Source records:
· · ·
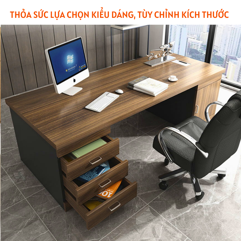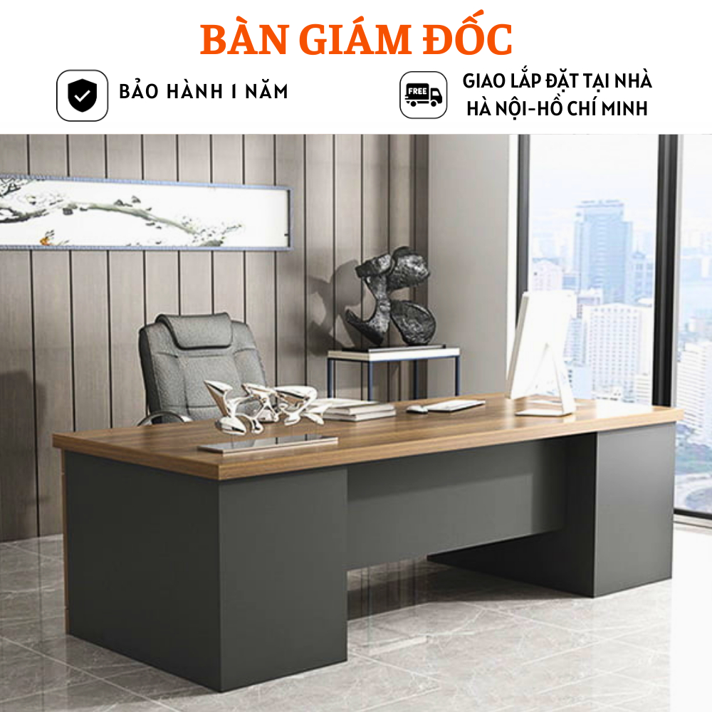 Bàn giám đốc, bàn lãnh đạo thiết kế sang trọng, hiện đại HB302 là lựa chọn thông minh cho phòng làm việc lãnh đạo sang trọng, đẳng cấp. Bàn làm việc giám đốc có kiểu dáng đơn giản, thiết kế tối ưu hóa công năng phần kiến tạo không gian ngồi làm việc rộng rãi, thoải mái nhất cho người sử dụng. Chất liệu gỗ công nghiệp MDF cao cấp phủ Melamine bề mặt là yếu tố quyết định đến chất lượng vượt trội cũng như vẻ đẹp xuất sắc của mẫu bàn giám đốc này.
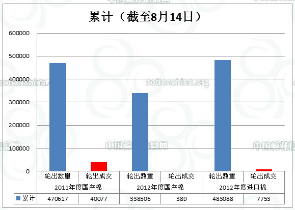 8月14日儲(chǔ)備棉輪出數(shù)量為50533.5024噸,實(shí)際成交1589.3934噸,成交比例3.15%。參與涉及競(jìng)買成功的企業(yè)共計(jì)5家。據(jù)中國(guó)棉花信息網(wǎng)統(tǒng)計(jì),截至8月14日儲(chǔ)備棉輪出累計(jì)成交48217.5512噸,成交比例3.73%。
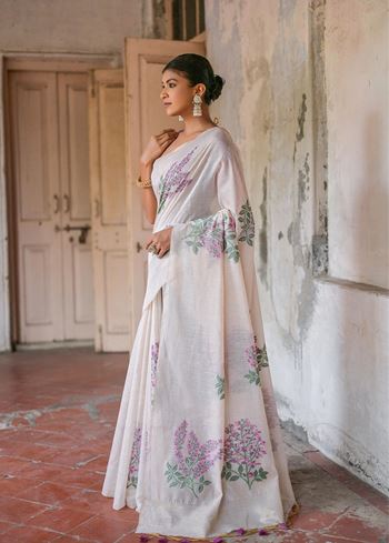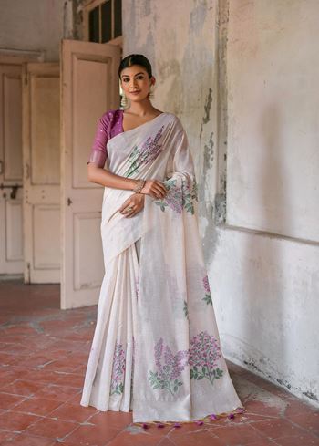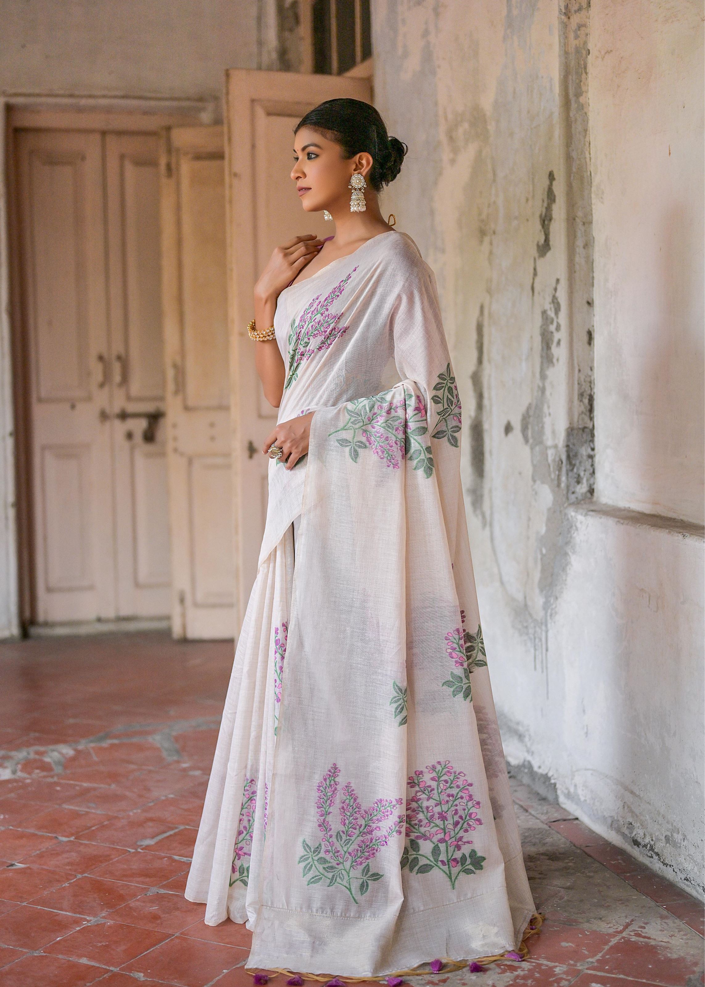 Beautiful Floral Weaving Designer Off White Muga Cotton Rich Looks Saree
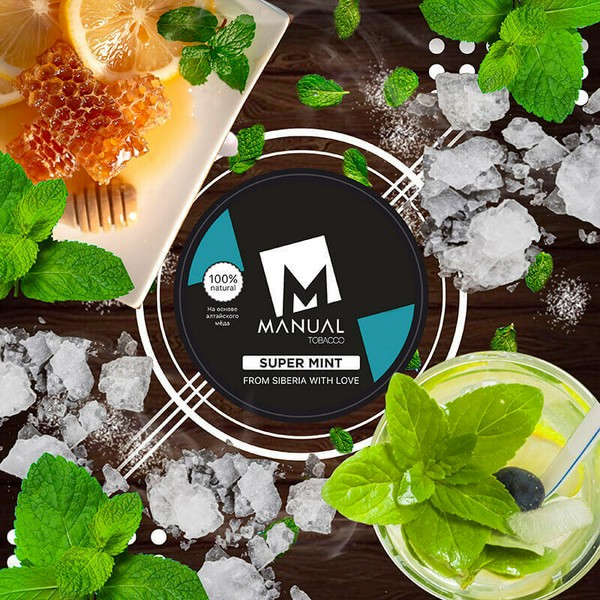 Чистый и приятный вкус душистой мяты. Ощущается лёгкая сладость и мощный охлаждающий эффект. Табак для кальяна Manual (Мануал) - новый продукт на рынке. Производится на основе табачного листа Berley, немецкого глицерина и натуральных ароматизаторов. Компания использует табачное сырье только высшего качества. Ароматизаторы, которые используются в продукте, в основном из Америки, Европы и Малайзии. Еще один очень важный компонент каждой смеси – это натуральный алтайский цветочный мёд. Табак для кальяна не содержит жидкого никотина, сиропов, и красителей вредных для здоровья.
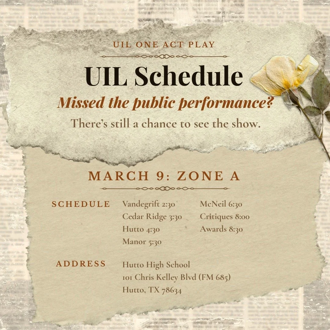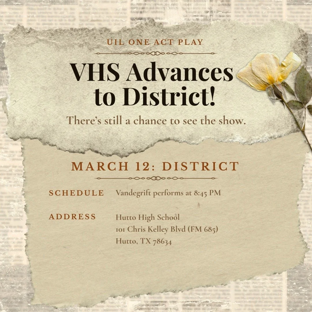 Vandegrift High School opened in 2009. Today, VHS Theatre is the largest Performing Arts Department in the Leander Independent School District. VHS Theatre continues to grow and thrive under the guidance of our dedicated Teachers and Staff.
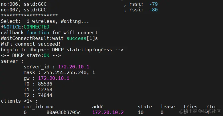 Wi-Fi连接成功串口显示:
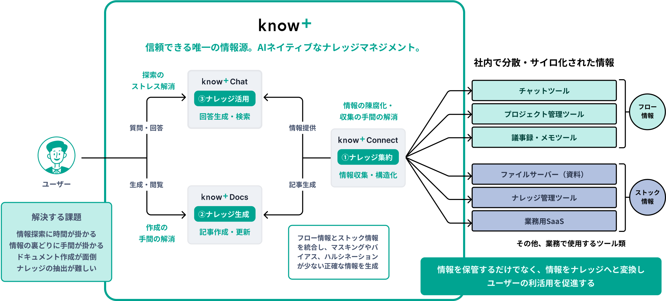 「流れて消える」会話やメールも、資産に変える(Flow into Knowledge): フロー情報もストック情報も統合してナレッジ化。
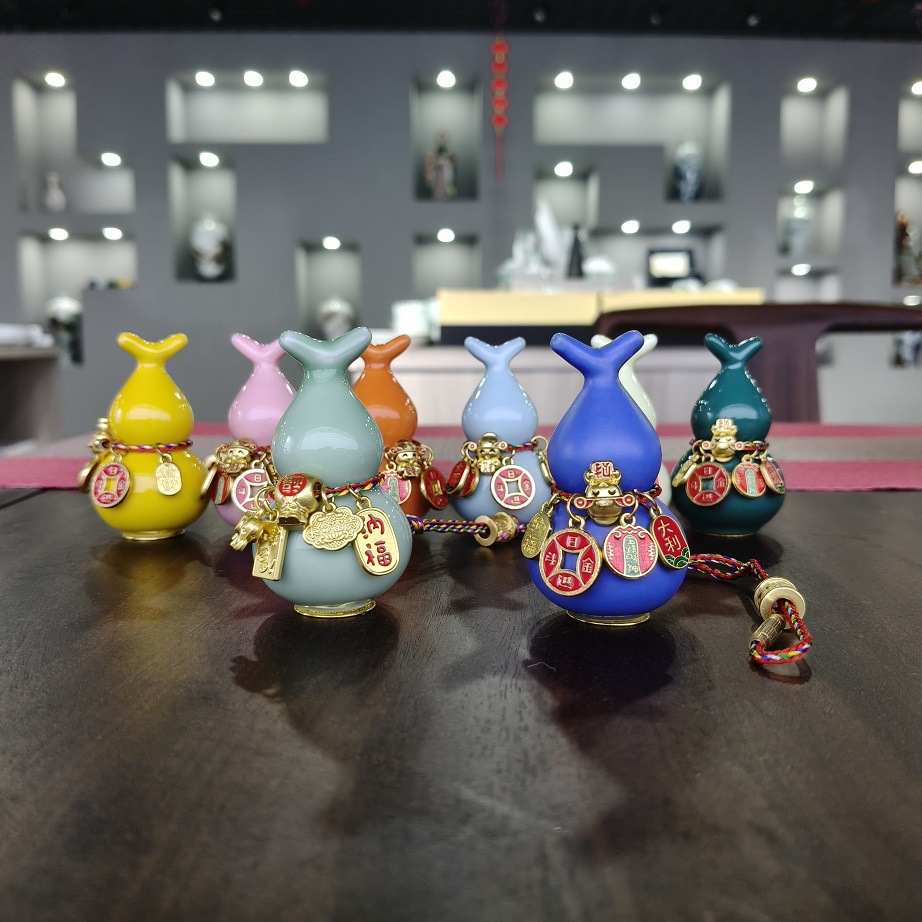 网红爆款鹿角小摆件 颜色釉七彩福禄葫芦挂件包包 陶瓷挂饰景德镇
· · ·
Retype the data exactly as it stands, but keep the images out of your copy.

 Bàn giám đốc, bàn lãnh đạo thiết kế sang trọng, hiện đại HB302 là lựa chọn thông minh cho phòng làm việc lãnh đạo sang trọng, đẳng cấp. Bàn làm việc giám đốc có kiểu dáng đơn giản, thiết kế tối ưu hóa công năng phần kiến tạo không gian ngồi làm việc rộng rãi, thoải mái nhất cho người sử dụng. Chất liệu gỗ công nghiệp MDF cao cấp phủ Melamine bề mặt là yếu tố quyết định đến chất lượng vượt trội cũng như vẻ đẹp xuất sắc của mẫu bàn giám đốc này.
 8月14日儲(chǔ)備棉輪出數(shù)量為50533.5024噸,實(shí)際成交1589.3934噸,成交比例3.15%。參與涉及競(jìng)買成功的企業(yè)共計(jì)5家。據(jù)中國(guó)棉花信息網(wǎng)統(tǒng)計(jì),截至8月14日儲(chǔ)備棉輪出累計(jì)成交48217.5512噸,成交比例3.73%。
 Beautiful Floral Weaving Designer Off White Muga Cotton Rich Looks Saree
 Чистый и приятный вкус душистой мяты. Ощущается лёгкая сладость и мощный охлаждающий эффект. Табак для кальяна Manual (Мануал) - новый продукт на рынке. Производится на основе табачного листа Berley, немецкого глицерина и натуральных ароматизаторов. Компания использует табачное сырье только высшего качества. Ароматизаторы, которые используются в продукте, в основном из Америки, Европы и Малайзии. Еще один очень важный компонент каждой смеси – это натуральный алтайский цветочный мёд. Табак для кальяна не содержит жидкого никотина, сиропов, и красителей вредных для здоровья.
 Vandegrift High School opened in 2009. Today, VHS Theatre is the largest Performing Arts Department in the Leander Independent School District. VHS Theatre continues to grow and thrive under the guidance of our dedicated Teachers and Staff.
 Wi-Fi连接成功串口显示:
 「流れて消える」会話やメールも、資産に変える(Flow into Knowledge): フロー情報もストック情報も統合してナレッジ化。
 网红爆款鹿角小摆件 颜色釉七彩福禄葫芦挂件包包 陶瓷挂饰景德镇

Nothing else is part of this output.